Task objective:
What you give back should be exactly the opening lines of the data, ending with the line that contains "Comunicamos com pesar" and including it.

(Dataset entries)
..............................

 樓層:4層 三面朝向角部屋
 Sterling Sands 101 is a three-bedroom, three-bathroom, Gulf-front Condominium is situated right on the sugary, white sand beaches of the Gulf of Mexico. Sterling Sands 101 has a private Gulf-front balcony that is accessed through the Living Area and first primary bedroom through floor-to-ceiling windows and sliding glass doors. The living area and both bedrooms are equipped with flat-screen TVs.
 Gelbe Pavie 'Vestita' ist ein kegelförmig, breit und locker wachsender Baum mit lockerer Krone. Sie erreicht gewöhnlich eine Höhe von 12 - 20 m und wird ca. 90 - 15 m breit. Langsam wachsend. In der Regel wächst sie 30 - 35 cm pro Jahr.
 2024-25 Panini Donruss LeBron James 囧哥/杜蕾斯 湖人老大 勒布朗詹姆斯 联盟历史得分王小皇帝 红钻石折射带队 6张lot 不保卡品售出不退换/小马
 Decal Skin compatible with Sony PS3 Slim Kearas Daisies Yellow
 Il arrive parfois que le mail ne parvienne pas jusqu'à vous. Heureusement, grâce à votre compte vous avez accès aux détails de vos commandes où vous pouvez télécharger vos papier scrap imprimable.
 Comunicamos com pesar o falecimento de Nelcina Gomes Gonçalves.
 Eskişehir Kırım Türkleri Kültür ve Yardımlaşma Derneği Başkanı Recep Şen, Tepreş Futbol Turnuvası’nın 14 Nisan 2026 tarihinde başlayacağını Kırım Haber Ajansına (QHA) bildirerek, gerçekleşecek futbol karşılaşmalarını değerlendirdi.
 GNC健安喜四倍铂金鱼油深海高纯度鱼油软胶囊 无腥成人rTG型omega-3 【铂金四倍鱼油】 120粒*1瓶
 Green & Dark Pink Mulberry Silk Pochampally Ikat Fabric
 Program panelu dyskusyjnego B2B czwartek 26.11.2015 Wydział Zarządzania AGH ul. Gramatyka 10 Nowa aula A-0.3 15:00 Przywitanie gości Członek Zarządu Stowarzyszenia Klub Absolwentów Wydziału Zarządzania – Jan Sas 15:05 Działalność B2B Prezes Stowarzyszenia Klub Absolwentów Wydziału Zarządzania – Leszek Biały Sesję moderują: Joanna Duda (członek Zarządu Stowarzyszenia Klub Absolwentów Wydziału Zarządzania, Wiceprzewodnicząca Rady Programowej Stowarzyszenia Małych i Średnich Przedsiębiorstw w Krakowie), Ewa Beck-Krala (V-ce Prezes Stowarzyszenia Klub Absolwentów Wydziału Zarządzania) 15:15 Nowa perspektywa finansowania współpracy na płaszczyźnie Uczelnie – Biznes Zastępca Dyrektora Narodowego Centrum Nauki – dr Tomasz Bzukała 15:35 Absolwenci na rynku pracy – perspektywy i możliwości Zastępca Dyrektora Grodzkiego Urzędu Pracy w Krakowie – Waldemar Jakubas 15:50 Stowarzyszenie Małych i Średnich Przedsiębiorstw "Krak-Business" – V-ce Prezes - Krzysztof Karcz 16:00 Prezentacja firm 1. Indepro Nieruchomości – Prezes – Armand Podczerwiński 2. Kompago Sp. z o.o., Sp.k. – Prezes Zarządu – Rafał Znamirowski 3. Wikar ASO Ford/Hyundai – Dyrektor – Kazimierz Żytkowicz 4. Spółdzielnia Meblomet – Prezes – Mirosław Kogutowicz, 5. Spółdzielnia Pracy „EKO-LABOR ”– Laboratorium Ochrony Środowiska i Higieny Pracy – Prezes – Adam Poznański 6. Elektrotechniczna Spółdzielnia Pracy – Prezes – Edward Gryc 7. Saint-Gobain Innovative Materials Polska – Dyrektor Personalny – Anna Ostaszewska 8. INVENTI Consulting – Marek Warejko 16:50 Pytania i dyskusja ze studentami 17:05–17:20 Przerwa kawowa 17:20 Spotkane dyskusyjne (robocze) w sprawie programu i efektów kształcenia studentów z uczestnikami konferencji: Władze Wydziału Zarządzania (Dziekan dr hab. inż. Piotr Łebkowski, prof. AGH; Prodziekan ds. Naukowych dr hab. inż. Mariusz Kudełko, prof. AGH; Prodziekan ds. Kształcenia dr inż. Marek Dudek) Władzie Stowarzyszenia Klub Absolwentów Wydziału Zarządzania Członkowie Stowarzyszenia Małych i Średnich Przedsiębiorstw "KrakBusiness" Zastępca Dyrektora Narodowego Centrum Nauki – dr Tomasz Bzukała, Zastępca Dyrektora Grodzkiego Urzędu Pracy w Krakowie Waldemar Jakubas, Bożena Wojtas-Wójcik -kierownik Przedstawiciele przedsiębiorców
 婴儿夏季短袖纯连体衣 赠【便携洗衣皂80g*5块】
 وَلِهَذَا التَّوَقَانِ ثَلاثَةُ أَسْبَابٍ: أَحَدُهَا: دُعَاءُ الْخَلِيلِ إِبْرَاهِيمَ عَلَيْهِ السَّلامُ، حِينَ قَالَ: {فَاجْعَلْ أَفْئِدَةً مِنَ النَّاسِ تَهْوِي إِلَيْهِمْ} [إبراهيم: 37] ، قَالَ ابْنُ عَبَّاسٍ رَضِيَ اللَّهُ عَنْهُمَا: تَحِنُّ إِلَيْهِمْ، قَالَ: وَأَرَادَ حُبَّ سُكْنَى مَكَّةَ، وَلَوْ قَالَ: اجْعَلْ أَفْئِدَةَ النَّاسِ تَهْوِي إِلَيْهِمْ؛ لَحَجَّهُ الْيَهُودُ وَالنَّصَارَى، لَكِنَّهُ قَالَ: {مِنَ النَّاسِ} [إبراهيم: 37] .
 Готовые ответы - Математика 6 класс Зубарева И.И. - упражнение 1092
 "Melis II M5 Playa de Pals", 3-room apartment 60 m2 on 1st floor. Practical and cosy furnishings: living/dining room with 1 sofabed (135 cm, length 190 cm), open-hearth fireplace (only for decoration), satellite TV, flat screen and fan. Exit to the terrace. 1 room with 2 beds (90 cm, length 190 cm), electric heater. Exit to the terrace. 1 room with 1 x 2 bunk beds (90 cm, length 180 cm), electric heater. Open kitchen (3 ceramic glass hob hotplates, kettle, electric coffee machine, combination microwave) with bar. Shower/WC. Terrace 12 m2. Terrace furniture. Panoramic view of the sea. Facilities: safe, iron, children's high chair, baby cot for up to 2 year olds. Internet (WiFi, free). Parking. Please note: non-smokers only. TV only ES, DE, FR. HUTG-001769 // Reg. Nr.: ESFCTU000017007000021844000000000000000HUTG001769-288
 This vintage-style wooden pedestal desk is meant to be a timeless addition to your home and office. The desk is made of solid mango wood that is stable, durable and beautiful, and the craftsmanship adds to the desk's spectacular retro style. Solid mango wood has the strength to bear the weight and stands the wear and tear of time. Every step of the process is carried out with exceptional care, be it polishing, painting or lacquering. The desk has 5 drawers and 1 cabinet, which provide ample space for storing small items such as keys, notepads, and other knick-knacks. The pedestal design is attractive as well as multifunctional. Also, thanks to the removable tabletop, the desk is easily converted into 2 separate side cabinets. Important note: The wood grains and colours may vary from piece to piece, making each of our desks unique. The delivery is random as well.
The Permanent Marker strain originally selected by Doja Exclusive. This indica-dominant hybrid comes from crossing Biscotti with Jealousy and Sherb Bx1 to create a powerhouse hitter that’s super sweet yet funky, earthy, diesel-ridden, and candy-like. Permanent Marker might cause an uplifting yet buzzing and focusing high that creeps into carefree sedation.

..............................

Reply to the task:
 樓層:4層 三面朝向角部屋
 Sterling Sands 101 is a three-bedroom, three-bathroom, Gulf-front Condominium is situated right on the sugary, white sand beaches of the Gulf of Mexico. Sterling Sands 101 has a private Gulf-front balcony that is accessed through the Living Area and first primary bedroom through floor-to-ceiling windows and sliding glass doors. The living area and both bedrooms are equipped with flat-screen TVs.
 Gelbe Pavie 'Vestita' ist ein kegelförmig, breit und locker wachsender Baum mit lockerer Krone. Sie erreicht gewöhnlich eine Höhe von 12 - 20 m und wird ca. 90 - 15 m breit. Langsam wachsend. In der Regel wächst sie 30 - 35 cm pro Jahr.
 2024-25 Panini Donruss LeBron James 囧哥/杜蕾斯 湖人老大 勒布朗詹姆斯 联盟历史得分王小皇帝 红钻石折射带队 6张lot 不保卡品售出不退换/小马
 Decal Skin compatible with Sony PS3 Slim Kearas Daisies Yellow
 Il arrive parfois que le mail ne parvienne pas jusqu'à vous. Heureusement, grâce à votre compte vous avez accès aux détails de vos commandes où vous pouvez télécharger vos papier scrap imprimable.
 Comunicamos com pesar o falecimento de Nelcina Gomes Gonçalves.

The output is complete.